Action item: For this item, repeat the material exactly while omitting its pictures.

Data segment:
□ □ □ □

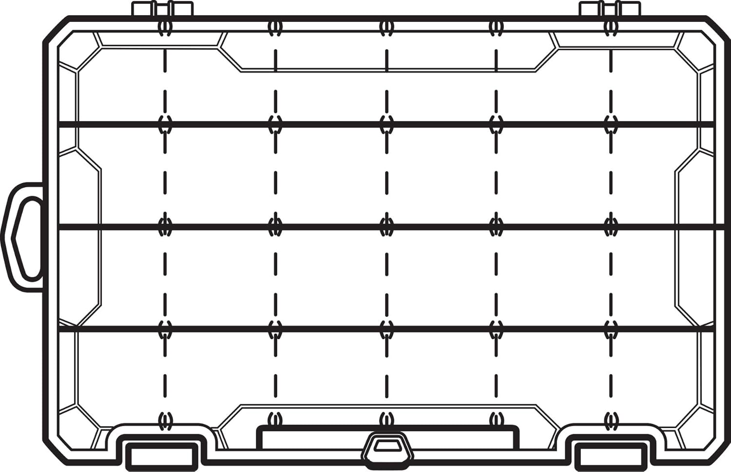 SMART DIVIDER SYSTEM: This tackle storage box offers customization options with 12 adjustable dividers that can create up to 24 different compartments. This ensures quick compartmentalization of your storage space.
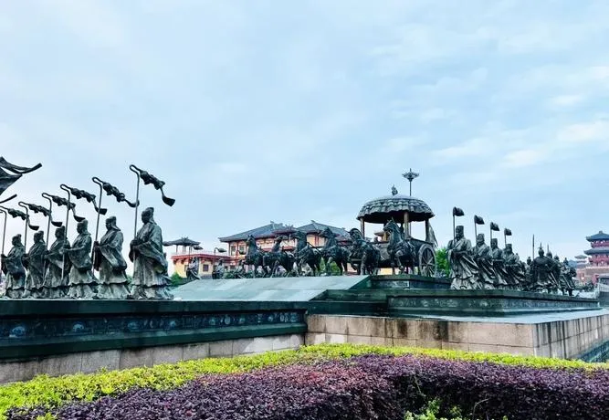 楚汉相争雕塑就立在广场中央,项羽和刘邦对峙的场景,做得挺大气,但这个雕塑的有意思之处不在艺术水平,而在于它的叙事立场,没有刻意拔高谁贬低谁,就是两个人对着站,各有各的气势,各有各的坚持,这种处理方式很罕见,因为大部分地方的历史雕塑都会带价值判断,但这个不带,就是还原当时的对峙状态,让你自己去想谁对谁错。晚上雕塑会打灯,很多人在这拍照,但更多人就是路过看一眼,不会专门凑近,这种"日常化"的存在方式反而让这个雕塑融入了城市生活。
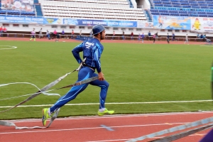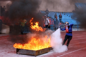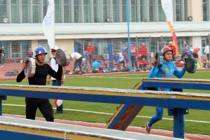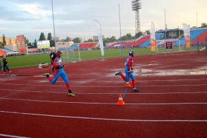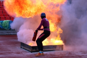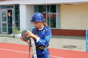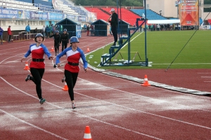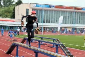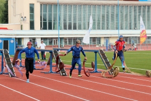 Свое мастерство участники Чемпионата показали и в пожарной эстафете. Пожарная эстафета состоит из 4-х этапов по 100 метров каждый. Спортсмены с эстафетой (пожарный ствол) в руках проходят четыре этапа. На первом этапе спортсмен поднимается на крышу домика при помощи лестницы-палки, на втором этапе преодолевает забор, высотой 2 метра. На третьем этапе, подхватив рукава и пробежав по буму, спортсмен присоединяет рукава к разветвлению, прокладывает рукавную линию. Финальный - четвертый этап оканчивается зрелищным действием - участник огнетушителем тушит горящий противень.
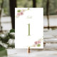 Pink Green Floral Wedding Table Number

□ □ □ □

Problem solution:
 SMART DIVIDER SYSTEM: This tackle storage box offers customization options with 12 adjustable dividers that can create up to 24 different compartments. This ensures quick compartmentalization of your storage space.
 楚汉相争雕塑就立在广场中央,项羽和刘邦对峙的场景,做得挺大气,但这个雕塑的有意思之处不在艺术水平,而在于它的叙事立场,没有刻意拔高谁贬低谁,就是两个人对着站,各有各的气势,各有各的坚持,这种处理方式很罕见,因为大部分地方的历史雕塑都会带价值判断,但这个不带,就是还原当时的对峙状态,让你自己去想谁对谁错。晚上雕塑会打灯,很多人在这拍照,但更多人就是路过看一眼,不会专门凑近,这种"日常化"的存在方式反而让这个雕塑融入了城市生活。
 Свое мастерство участники Чемпионата показали и в пожарной эстафете. Пожарная эстафета состоит из 4-х этапов по 100 метров каждый. Спортсмены с эстафетой (пожарный ствол) в руках проходят четыре этапа. На первом этапе спортсмен поднимается на крышу домика при помощи лестницы-палки, на втором этапе преодолевает забор, высотой 2 метра. На третьем этапе, подхватив рукава и пробежав по буму, спортсмен присоединяет рукава к разветвлению, прокладывает рукавную линию. Финальный - четвертый этап оканчивается зрелищным действием - участник огнетушителем тушит горящий противень.
 Pink Green Floral Wedding Table Number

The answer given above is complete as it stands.